Arizona Governor signs bill changing current civil forfeiture laws.
On May 5, Governor Doug Ducey signed House Bill 2810, which rewrote large portions of Arizona’s civil forfeiture laws. This new bill will make it more difficult for the government to keep seized property without a criminal conviction.
Ducey signed the bill five days after it reached his desk. The bill had wide bipartisan support having passed through Arizona Legislation almost unanimously.
In Ducey’s letter to Arizona Secretary of State Katie Hobbs, he wrote he signed the bill to protect individuals while maintaining laws that protect the state.
“H.B. 2810 provides this balance. And it ensures that law enforcement has the ability to seize property pending forfeiture or if the property is evidence of a crime,” Ducey said. “It ensures that property being taken is truly connected to criminal activity while innocent persons have the ability to get their property back.”
While the bill was well-received among members of the legislation, Maricopa County Attorney Allister Adel wrote to Ducey previous to his signing asking him to veto the bill.
Adel feared the new bill would make Arizona susceptible to drug cartels and human trafficking. She felt the bill misunderstood the purpose of civil asset forfeiture which is meant to really help officers “efficiently interrupt the money supply of criminal enterprises and quickly recover property for victims of crime.”
However, Adel told the Arizona Republic she acknowledged the passage of the bill but would consider working with the Legislature to draft work to fix up the law.
The bill’s main sponsor, Rep. Travis Grantham, R-Gilbert, hoped the bill would help prevent law enforcement from seizing assets with the only suspicion of criminal activity.
The bill will also bar officers from pressuring people into signing waiver forms. These documents, once signed, state the property in question doesn’t belong to the signee. Officers would use these forms as a threat; if someone refused to sign, they would be locked up.
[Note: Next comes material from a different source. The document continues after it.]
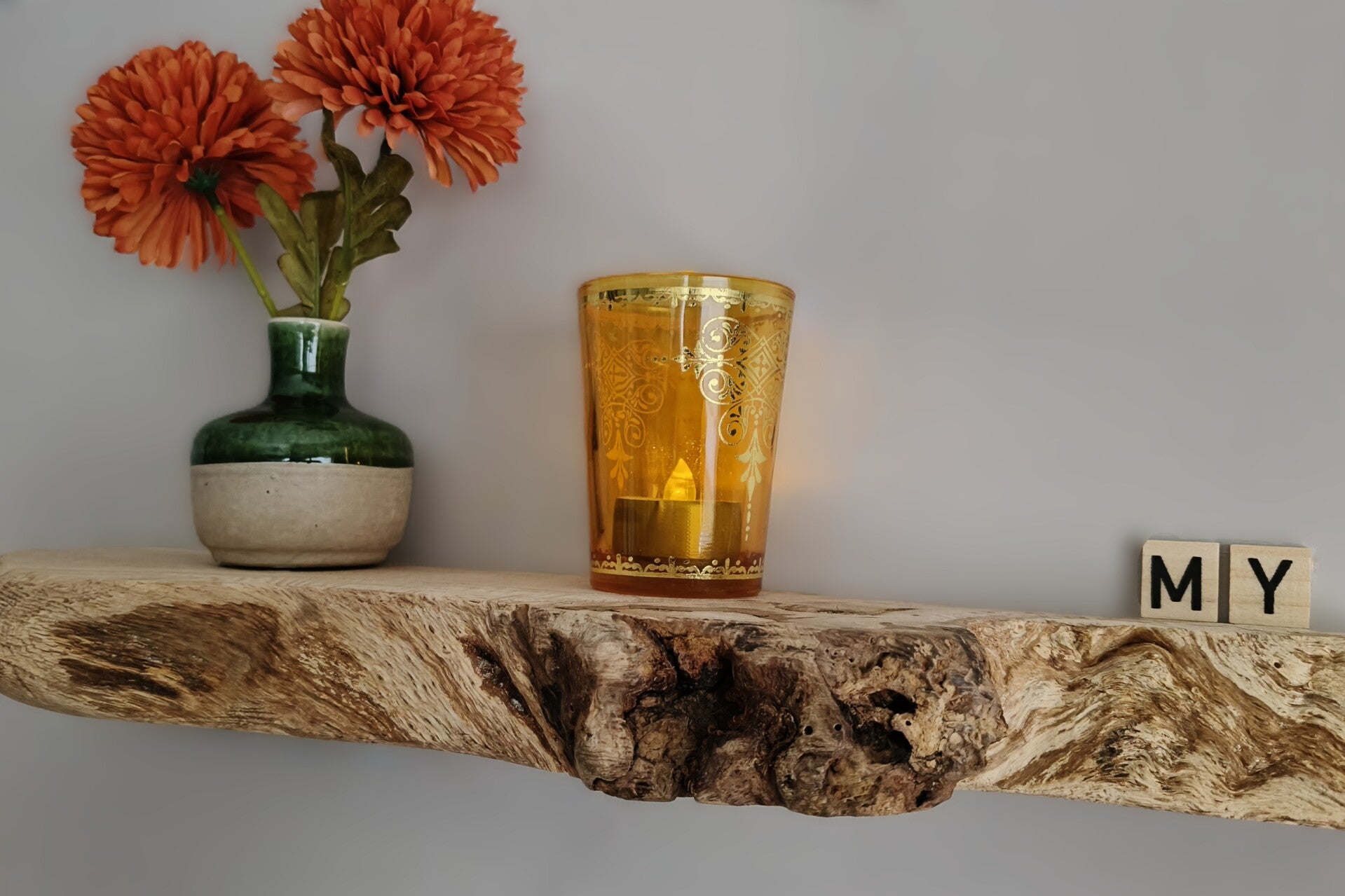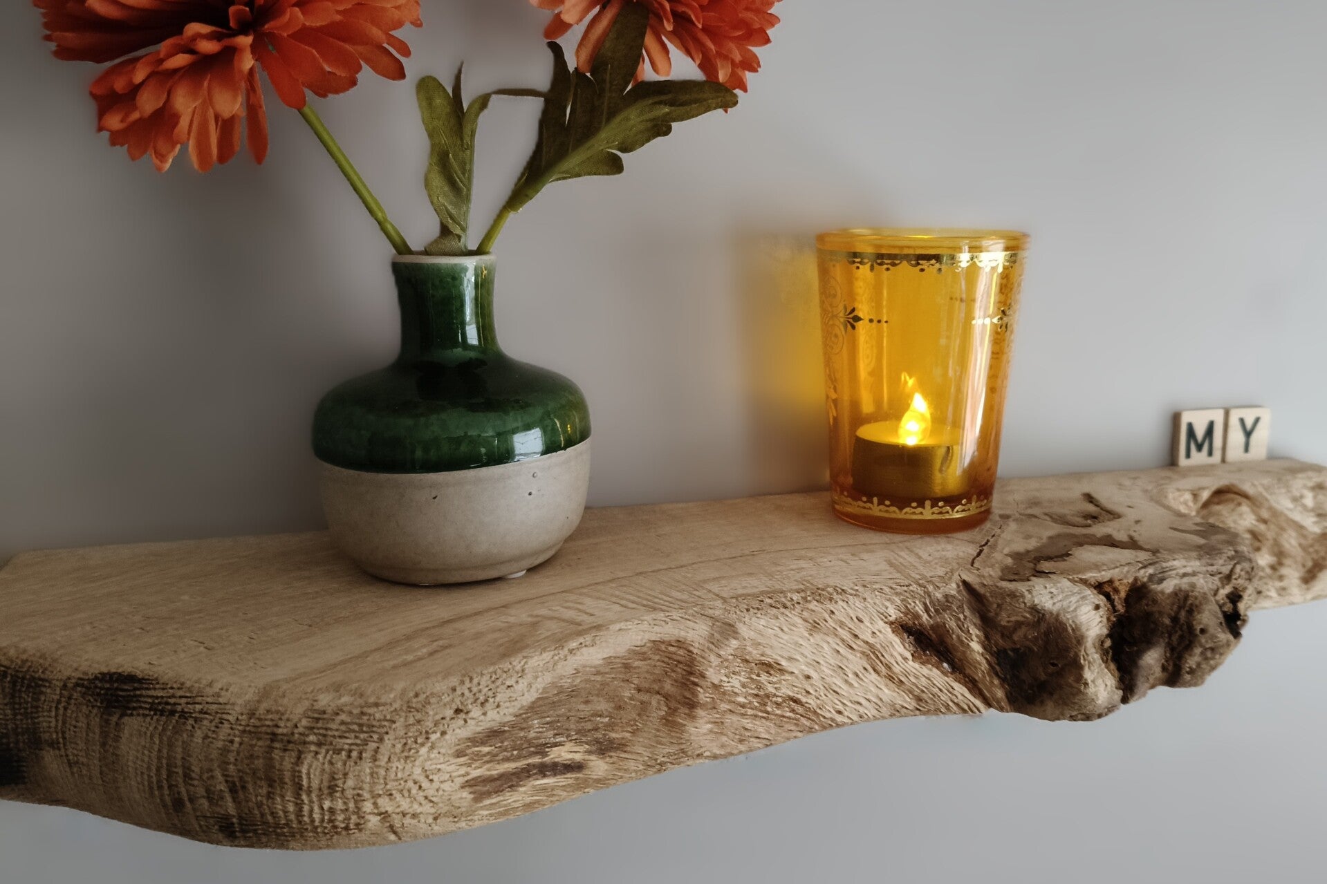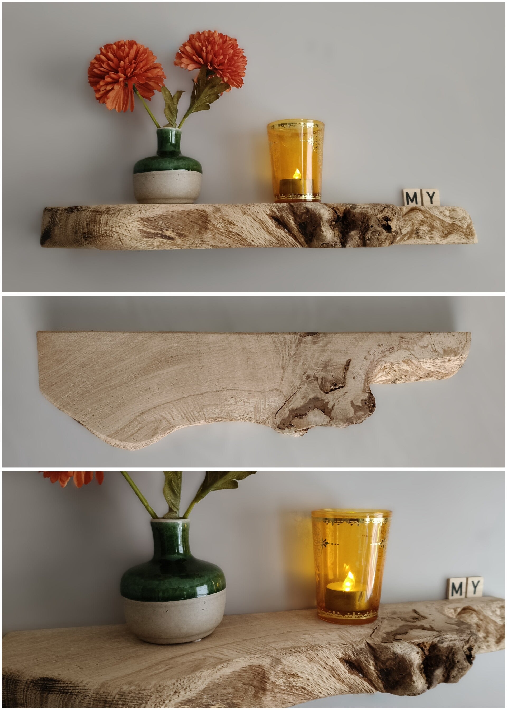 De plank is aan de achterzijde voorzien van sleutelgaten, waardoor je deze eenvoudig zwevend kunt ophangen met schroeven. Geschikt voor lichte belasting/decoratie.

A variety of advocates from different political alignments were pleased with the passage of HB 2810. The Goldwater Institute, a conservative and libertarian public policy think tank, and the Justice Action Network, a bipartisan advocacy group, both wrote public messages following the passage of the bill.
This bill followed the story of Jerry Johnson. Johnson flew to Phoenix from North Carolina to purchase a truck for his shipping company. He had been carrying a large amount of cash to buy the truck at an auction, and said, “a Phoenix police officer threatened to arrest him after arriving at Phoenix Sky Harbor International Airport if he didn’t sign a waiver form.”